Excerpts from a dataset

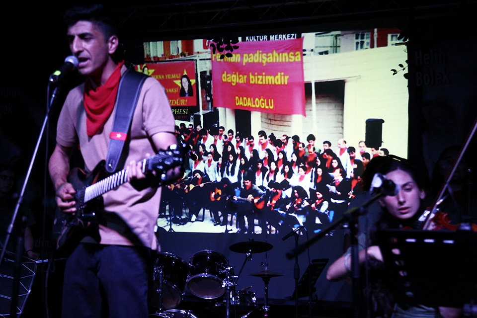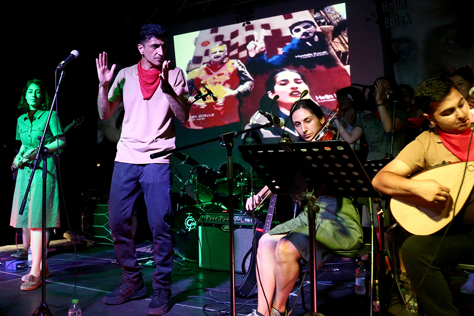 Αρκούσαν οι φωτογραφίες της Χελίν Μπολέκ και του Ιμπραχίλ Γκοκτσεκ, των δυο νεκρών σε απεργία πείνας μελών του Grup Yorum, γύρω από τη σκηνή που στήθηκε στο Γεωπονικό Πανεπιστήμιο για να γεμίσει ο χώρος συγκίνηση. Την ίδια μέρα το πρωί στην ειδική αίθουσα των γυναικείων φυλακών Κορυδαλλού, αστυνομικοί επιτέθηκαν στους 11 πολιτικούς πρόσφυγες από την Τουρκία και το Κουρδιστάν με αποτέλεσμα ένας εξ αυτών να μεταφερθεί στο νοσοκομείο, επειδή απλά συνομιλούσαν με τους δικηγόρους τους την ώρα του διαλλείματος. Για το πρωτοφανές και ανεκδιήγητο περιστατικό η έδρα του δικαστηρίου αρνήθηκε να πάρει θέση. Κάπως έτσι, μέσα σε μια ημέρα, συνοψίζεται εύγλωττα η αντίθεση δύο κόσμων. Από τη μια η αυθαιρεσία και η αγριότητα που ξεσπά πάνω σε σώματα κι από την άλλη η διεθνιστική αλληλεγγύη που μπορεί να βρει διάφορους δρόμους να κυλήσει και σίγουρα το τραγούδι είναι ένας από τους ομορφότερους.
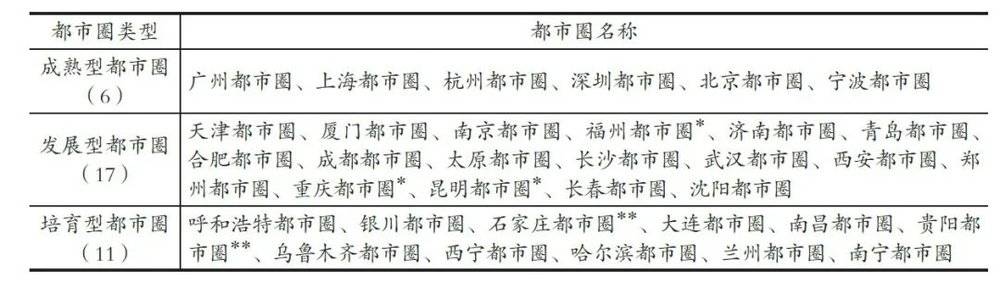 根據(jù)清華大學(xué)中國新型城鎮(zhèn)化研究院組編的《中國都市圈發(fā)展報(bào)告》,我國共有6個(gè)成熟型都市圈、17個(gè)發(fā)展型都市圈、11個(gè)培育型都市圈。
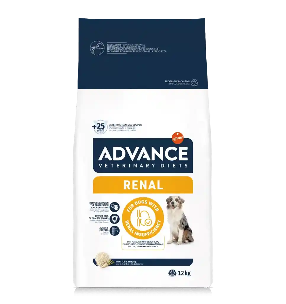 ADVANCE VETERINARY DIETS RENAL es un alimento dietético completo para perros adultos, con un nivel limitado de proteínas, pero de alta calidad y con un bajo contenido en fósforo. Está especialmente indicado para apoyar el funcionamiento del riñón en caso de insuficiencia renal crónica. Su contenido en fibra soluble disminuye la excreción de nitrógeno por el riñón y sus niveles moderados de proteína y sodio ayudan a la correcta función renal.
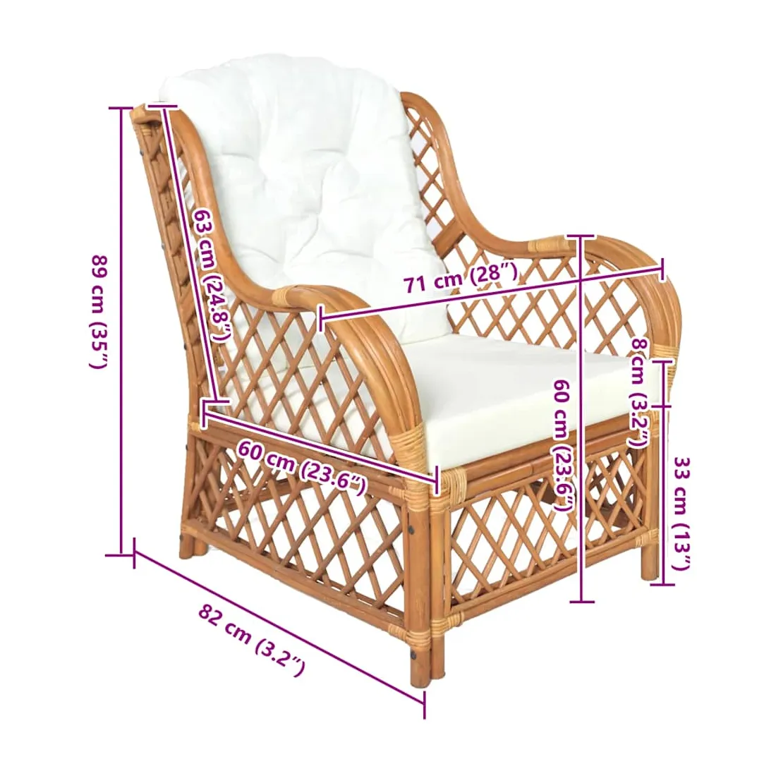 - Hauteur d’assise (sans coussin) : 33 cm
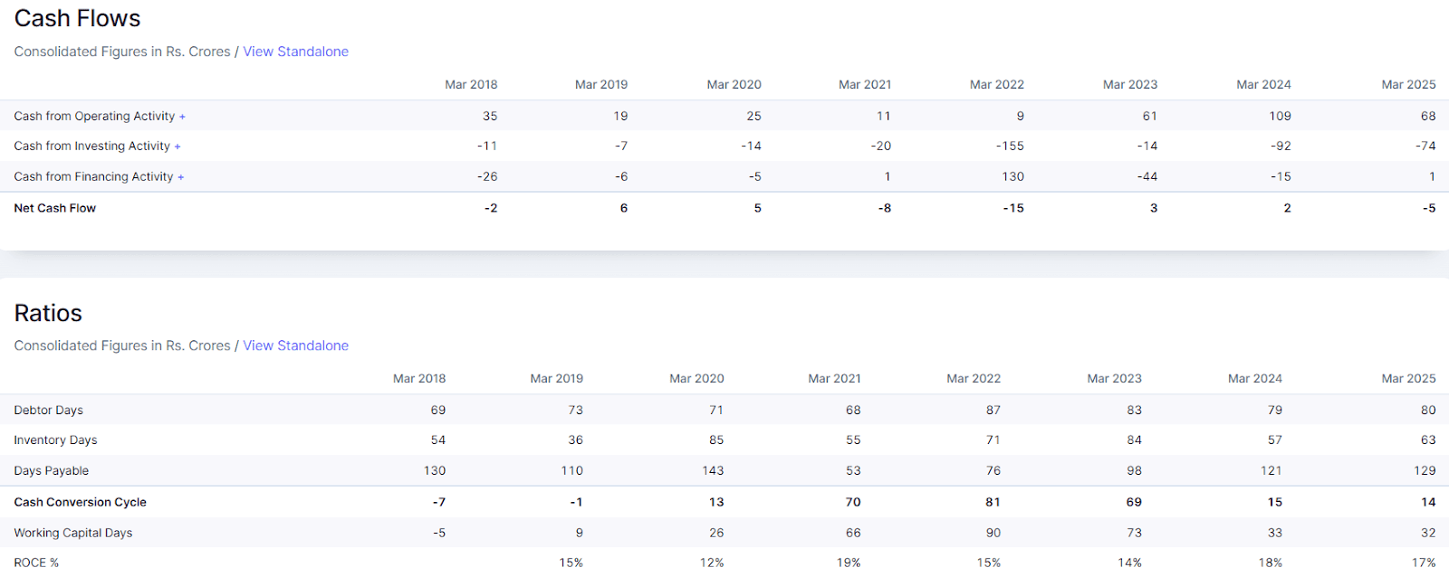 Management reiterated their strong cash conversion cycle and emphasized that they expect OCF to improve further from FY26 as new capacity utilization improves, especially in injectables.

*WHAT IS BEING ASKED:* Beginning with the line that contains "ADVANCE VETERINARY DIETS" and ending with the final line of the entries, every line must be copied exactly; the pictures must not.

*ANSWER TO THIS TASK:*
 ADVANCE VETERINARY DIETS RENAL es un alimento dietético completo para perros adultos, con un nivel limitado de proteínas, pero de alta calidad y con un bajo contenido en fósforo. Está especialmente indicado para apoyar el funcionamiento del riñón en caso de insuficiencia renal crónica. Su contenido en fibra soluble disminuye la excreción de nitrógeno por el riñón y sus niveles moderados de proteína y sodio ayudan a la correcta función renal.
 - Hauteur d’assise (sans coussin) : 33 cm
 Management reiterated their strong cash conversion cycle and emphasized that they expect OCF to improve further from FY26 as new capacity utilization improves, especially in injectables.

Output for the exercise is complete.